The most important finding of this study is an inverse modulation of the dopamine system on structural and functional properties of the right dACC in healthy young adults, i.e., the GMV showed an inverted U-shaped modulation, whereas the rsFC showed a U-shaped modulation. As we aforementioned, the inverted U-shaped modulation of the dopamine signaling on GMV is well consistent with the inverted U-shaped model of the dependence of neuronal survival and growth on dopamine signaling (Küppers and Beyer 2001). We proposed a compensatory mechanism to explain for the inverse modulation of dopamine signaling on structural and functional properties of the brain in healthy young adults. Individuals with rs4680-GG/rs1076560-TT or rs4680-A-allele/rs1076560-GG genotype have optimal dopamine levels, which corresponds to normal GMV and rsFC of the right dACC. In these subjects, the normally developed structural and functional properties correspond to their normal behavioral performance. In contrast, individuals with rs4680-GG/rs1076560-GG or rs4680-A-allele/rs1076560-TT genotype have a dopamine signaling that is either too low or too high, which may impair neuronal integrity and survival (Santiago et al. 2000).
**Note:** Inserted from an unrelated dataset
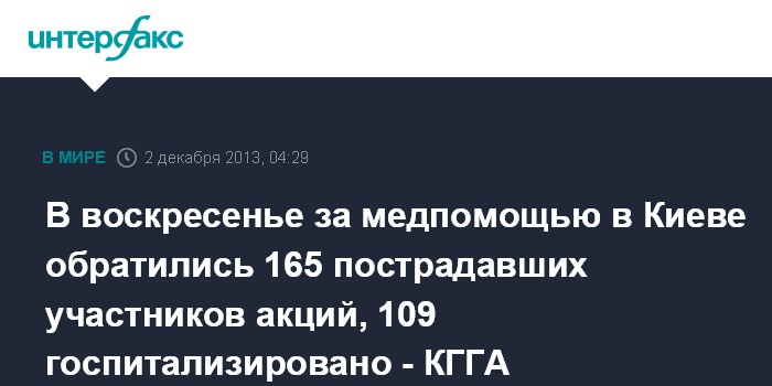 Киев. 2 декабря. ИНТЕРФАКС-УКРАИНА - За минувшие сутки к врачам бригад неотложной медицинской помощи обратились 165 травмированных участников акций протеста, проходящих в центре столицы.

This can explain for the decreased GMV in the right dACC in these subjects. However, the enhanced rsFC of the right dACC and normal behavioral performance in these subjects suggest a functional compensatory mechanism. That is, healthy young adults with abnormal dopamine signaling may maintain their normal behavioral performance via enhancing rsFC of the dACC in response to structural deficit of this region due to genetic variation. This inference is supported by our finding of a negative correlation between GMV and rsFC of the dACC in this population. Moreover, this hypothesis is also supported by our analysis of the additive effects that showed a trend towards an inverse modulation pattern and a negative correlation between the GMV and rsFC of the right IFG. The phenomenon of functional compensation for structural deficit due to genetic variation in healthy young subjects has also been observed in the KIBRA polymorphism that is related to Alzheimer’s disease. In healthy young subjects, KIBRA C-allele carriers have a smaller GMV and an increased functional connectivity in the cognitive-related brain regions than TT individuals (Wang et al. 2013).

It should be noted that the COMT is specifically related to the prefrontal cortex dopamine modulation (Akil et al. 2003), whereas the DRD2 is much more important in the striatal dopamine modulation (Sambataro et al. 2013). The expression of COMT and DRD2 in the ACC is not fully understood and the reciprocal relationship between brain structure and function is rather complex. Future studies should be done to validate our interpretation. Furthermore, since the allele frequencies of both SNPs vary greatly across ethnic populations (DeMille et al. 2002; Mukherjee et al. 2010; Palmatier et al. 1999), our findings derived from Chinese Han population should be validated in other ethnic populations.

Conclusion

We investigated modulation patterns of the dopamine signaling on structural (GMV) and functional (rsFC) properties of the brain in healthy young adults and found inverse modulation patterns. The inverted U-shaped modulation of the dopamine signaling on structural property may be explained by the inverted U-shaped model of the dependence of neuronal survival and growth on dopamine signaling. However, the U-shaped modulation of the functional property may indicate a functional compensatory mechanism through which healthy young adults with structural deficits could maintain their normal behavioral performance. However, these findings should be confirmed in independent Chinese Han samples and in other ethnic populations, especially samples of European origin.